The third Maitreya was held near Tongal, 179 km south of Melbourne. Police attended and pulled over a number of vehicles, but only made two arrests.

Second Maitrey was held 6–9 March 2009 and featured a number of overseas psytrance DJs including Etnica, Human Traffic, Antix, Freq and Andromeda.
The event included an art competition, including a $10,000 art prize.

2010 saw things get muddy. 2011 saw the festival move to the racecourse. The event was held at Carisbrook's harness racing track site, which differed from its usual bush setting. Despite this, the 2011 event, was regarded as a success, with the numbers by this stage increasing to 2500, and attracting international attendees. The event was also held there in 2012. While regarded as a successful event, it did cause some issues with noise as it was centrally located.
After two years, the council moved the Festival out of Carisbrook, largely because of noise complaints, but noted the loss of revenue. 2012 also saw the festival run at Carisbrook racecourse, and featured a range of artists including Ace Ventura, Nerso, Zen Mechanics, Liquid Ace, The Riddler and laughing Buddha.

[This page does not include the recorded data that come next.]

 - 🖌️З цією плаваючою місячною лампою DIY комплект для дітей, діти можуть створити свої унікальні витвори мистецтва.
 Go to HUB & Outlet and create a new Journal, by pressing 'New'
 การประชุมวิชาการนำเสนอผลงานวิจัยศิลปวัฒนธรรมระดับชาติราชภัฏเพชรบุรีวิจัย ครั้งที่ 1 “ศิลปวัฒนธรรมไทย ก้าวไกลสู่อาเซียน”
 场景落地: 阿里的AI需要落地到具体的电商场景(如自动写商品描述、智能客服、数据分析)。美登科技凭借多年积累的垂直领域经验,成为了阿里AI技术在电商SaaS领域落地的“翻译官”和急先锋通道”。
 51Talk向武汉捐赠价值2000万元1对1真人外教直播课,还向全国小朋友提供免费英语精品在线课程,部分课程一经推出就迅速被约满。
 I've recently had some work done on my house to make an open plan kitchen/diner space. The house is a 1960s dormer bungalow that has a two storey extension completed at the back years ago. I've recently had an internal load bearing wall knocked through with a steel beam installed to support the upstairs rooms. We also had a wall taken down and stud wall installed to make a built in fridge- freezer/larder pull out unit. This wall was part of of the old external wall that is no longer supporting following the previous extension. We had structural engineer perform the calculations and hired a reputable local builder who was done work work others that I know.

Because of the central location, while businesses welcomed the influx of business associated with the event, noise issues affected the general community. Following council action, it was then relocated to Buloke Council area.

On 11–14 March 2013, the event was happily running at Green Lake, near Malee in Victoria. Following concerns from the council at Carisbrook, the event was swiftly moved at the last minute to the new site, with the support of Buloke Shire Council. The line up once again featured a range of artists, including Ace Ventura, Alex Smoke, Basic, Chromatone, E-Clip, Grouch, Headroom, Human Element / DJ Martin, Hypnocoustics,
Jiser, Klopfgeister, LOUD, Young Kim, Mad Maxx. By this stage, the event was still relatively small, with 2500 people attending.

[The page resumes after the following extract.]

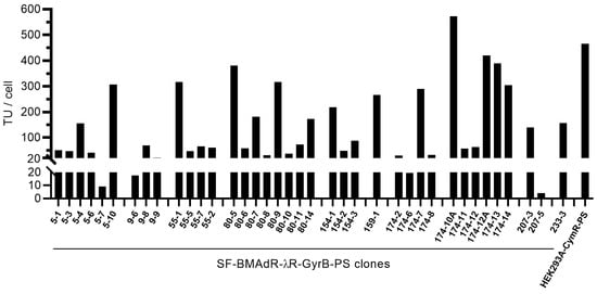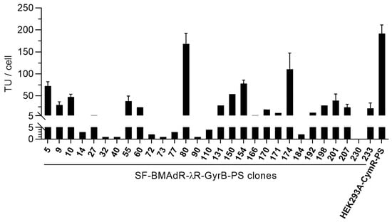 Production of AdPS-/CU by SF-BMAdR-λR-GyrB-PS subclones. Cells were infected using a MOI of 5 transduction unit(s) (TU)/cell in the presence of 5 nM of coumermycin. The specific productivities of infectious vector particles (TU/cell) were determined by flow cytometry (n = 1). The HEK293A-CymR-PS cell line was infected in the same manner in the presence of 50 μg/mL of cumate and used as a comparison.
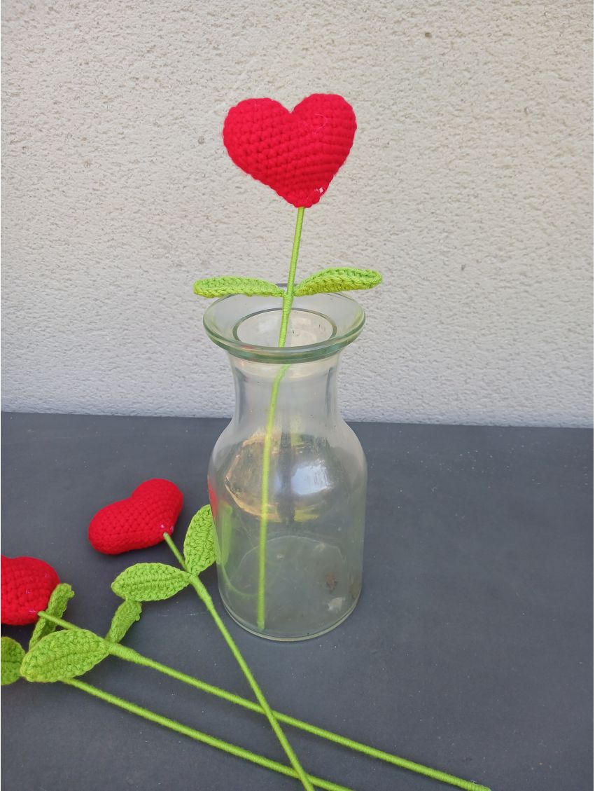 Trés jolis coeurs rouge sur tige 33 cm, coeur 8cm X 6cm

2014 also saw Maitreya held in the same area, and this year featured artists such as Antix/Fiord, Child, Timmus, Moodmachine, Yahel Sherman, Cid Inc., Fabio & Moon, Dick Trevor, Major 7, Sonic Species, Symphonix, Ecliptic, Burn In Noise, Circuit Breakers, Perfect Stranger (musician), X-Noise, Antix & Ford, Tron. It also saw an afterparty held in Melbourne, which featured Yahel Sherman, Perfect Stranger and Major 7.

2015 saw the event move to the lakeside at Charlton Victoria. Artists here included Terrafractyl, Unseen Dimension, Basic, Ozzy, Jekyll, Interpulse, Sekkt, Hypnagog, Tom Cosm, U-One, Staunch, Timmus, Dark Nebula and Mood Machine and internationals DJ Tristan, E-Clip, Tube & Berger.

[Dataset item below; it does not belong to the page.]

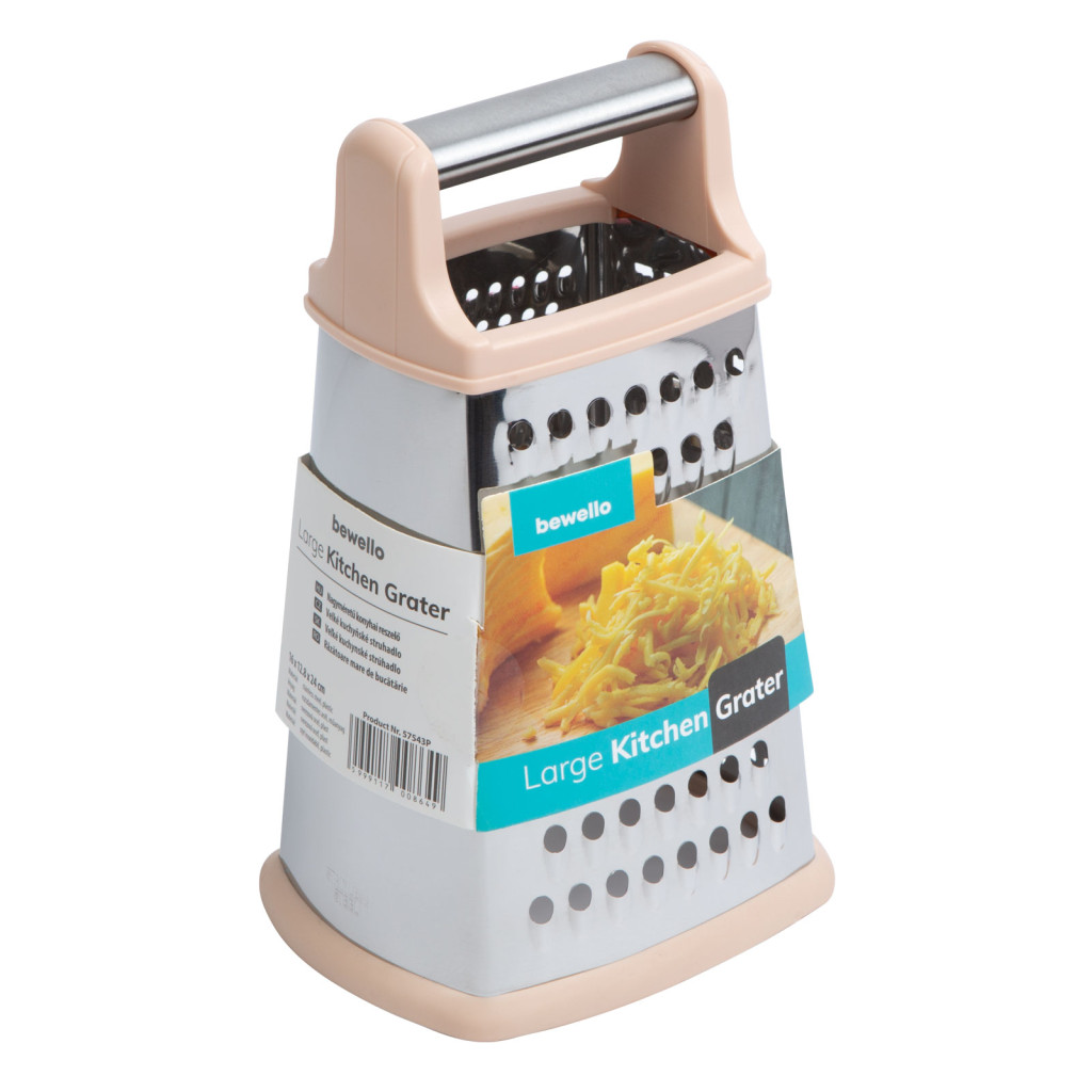 4 oldalú konyhai reszelő, amely nem hiányozhat egyetlen konyhából sem. A rozsdamentes acélból készült anyagnak köszönhetően tartós, strapabíró eszköz, amely segítségével hatékonnyá válnak a reszelési, aprítási műveletek. Kialakítása lehetővé teszi, hogy mind a négy oldalon különböző módon reszelje az összetevőket, így egyetlen eszközzel számtalan feladatot elvégezhet. Az ergonomikus fogantyú biztosítja a kényelmes és stabil tartást, míg az alján található gumitalpak garantálják a biztonságos használatot.
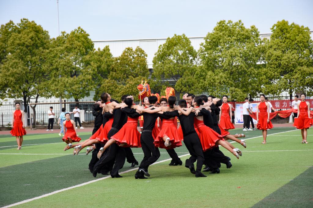 挥舞着红色花球,啦啦操俱乐部带来《为青春鼓掌》,彰显着当代大学生朝气蓬勃的精神面貌。啦啦操俱乐部的同学们,伴随着激昂的音乐,舞动着扇面和花球,呈现出浓厚的中国古典之美。体育舞蹈俱乐部的同学们用活力四射的舞步点燃了大家的热情,展示出俏丽的青春姿态。街舞俱乐部、jinnianhui今年会、sky街舞协会的同学们迈着动感的步伐进入操场中央,一首《卡路里》燃爆全场。

=== Buloke Shire cancellation and collapse in 2016 ===
2016 saw the event not going ahead due to refusal by the Shire of Buloke council administration to grant permission, with the council blaming Maitreya for submitting their paperwork late, while critics of the council suggesting that it was the Council's fault for embargoing paperwork which delayed the process.

While the council said that the correct paperwork had not been supplied on time, conversely, upon appeal to VCAT, VCAT suggested the event go ahead under a council clause that meant some of the paperwork was not necessary. The Council declined VCATs advice, and still refused to allow the event to run, and asked VCAT to ban the event. Local residents, some facing huge financial loss, protested, including starting an online petition asking the Council to allow the event to run.

Maitreya was proposed to run on a different site, however, the event was officially cancelled when the backup site was flooded. An FOI request was put to the council asking for copies of the internal documents dealing with the matter, but the Council refused to hand over the paperwork. The failure of the event to run and the losses made it unlikely the event would ever run again.

Following the cancellation of the festival, confusion arose over refunds for the more than $1 million in tickets sold through Trybooking. After initial confusion about legal responsibility for refunds was clarified by Consumer Affairs Victoria, the ticketing platform refunded $520,524 to customers, and subsequently filed proceedings in the Victorian Supreme Court seeking $409,082 in damages.